Russia Hard-Working to Prepare Russia-Africa Summit
Russian President Vladimir Putin at the 2019 Russia-Africa summit in Sochi. © Sergei Chirikov/Pool/EFE/Newscom/MaxPPP
Source: Africa Intelligence
Mikhail Bogdanov, President Vladimir Putin's special representative on Africa and the Middle East, is speeding up preparations for the Russia-Africa summit. He is being helped by the former deputy director of Russia's Africa Department, Oleg Ozerov, who is in charge of the project on a daily basis as a roving ambassador.

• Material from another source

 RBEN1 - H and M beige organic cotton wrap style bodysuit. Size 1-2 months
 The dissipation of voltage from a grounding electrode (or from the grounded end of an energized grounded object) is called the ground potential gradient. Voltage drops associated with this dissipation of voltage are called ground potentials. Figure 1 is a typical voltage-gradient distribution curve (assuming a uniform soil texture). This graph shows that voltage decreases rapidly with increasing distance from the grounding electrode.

Ozerov, who speaks French, English, and Arabic, has worked at the Russian embassy in Paris and was ambassador to Saudi Arabia. The 2022 Russia-Africa summit will be held on African territory, three years after the first such event took place in the Russian resort of Sochi. Forty-three presidents made the trip to that summit.
Cairo, Dakar, or Addis Ababa?
Egypt, Senegal and Ethiopia are the three countries that the Kremlin is considering to host the event. Cairo is currently in Moscow's good books, but the Senegalese option is also being seriously considered by the Russian foreign ministry. On April 7, French businessman Jean-Yves Ollivier - a close friend of Senegalese President Macky Sall who has good connections in Moscow - flew to the Russian capital to meet Bogdanov. Ollivier, chairman of the Brazzaville Foundation and a sort of freelance diplomat, pitched Dakar's candidacy to Bogdanov. Russia has so far had little presence in Senegal and does not have historically close ties with the country, unlike Guinea and Mali.
Ethiopia is an outsider, but it is of strategic interest to Russia, as its capital Addis Ababa hosts the headquarters of the African Union (AU).
A Comoran at the helm on the African side
Bogdanov has appointed a committee of nine experts to advise him on the steps to be taken between now and the 2022 summit. According to our sources, two Africans are in this group, including the Comoros former interim president and former prime minister Hamadi Madi "Bolero". Bolero last year stepped down as secretary general of the Indian Ocean Commission (IOC) that groups the Comoros, Reunion (a French territory), Madagascar, Mauritius, and the Seychelles.
Bolero did part of his studies in the former USSR in the late 1980s and speaks Russian fluently. He was in the same class as the current Chadian foreign minister, the powerful Mahamat Zene Chérif. Chérif was instrumental in normalising relations between the international community and Chad's new Transitional Military Council (TMC) led by Mahamat Idriss Déby, who came to power in April following the death of his father Idriss Déby.
United Russia put to work
A range of roundtables between Russian officials and African political elites have been held in recent weeks. Two days of webinars were organized, on March 24 and 25, by the ruling United Russia party and its deputy secretary-general Andrei Klimov.
Several African leaders such as João Lourenço (Angola) and Abiy Ahmed (Ethiopia) participated. Executives from African political parties, such as Zanu-PF (Zimbabwe), Patriotic Front (Zambia), MPLA (Angola), Prosperity Party (Ethiopia), Parti Congolais du Travail (Congo), Rwandan Patriotic Front (Rwanda), Justice and Development Party (Morocco), Jubilee Party (Kenya), African National Congress (South Africa) and All Progressives Congress (Nigeria) also attended.
United Russia is thus serving as a conduit for Bogdanov with African political organisations to ensure that the 2022 summit is attended by as many presidents as possible.